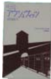
娘と話すアウシュヴィッツについて? アネット・ヴィヴィオルカ (現代企画室)

フランスの歴史学者が、娘の質問に答えながら、やさしい言葉でアウシュヴィッツについて説明します。腕の青インクの数字の入墨の意味は? ゲットって何? 大切なのは人類が行った事実を知っておくこと・・・。
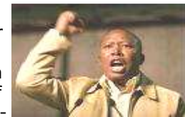
FOOLIUS DILEMMA, ook bekend as Julius Malema.

Exercise ->
From the first line to the last, reproduce the listing above exactly, leaving the pictures out.

Reply to the exercise ->
娘と話すアウシュヴィッツについて? アネット・ヴィヴィオルカ (現代企画室)

フランスの歴史学者が、娘の質問に答えながら、やさしい言葉でアウシュヴィッツについて説明します。腕の青インクの数字の入墨の意味は? ゲットって何? 大切なのは人類が行った事実を知っておくこと・・・。
FOOLIUS DILEMMA, ook bekend as Julius Malema.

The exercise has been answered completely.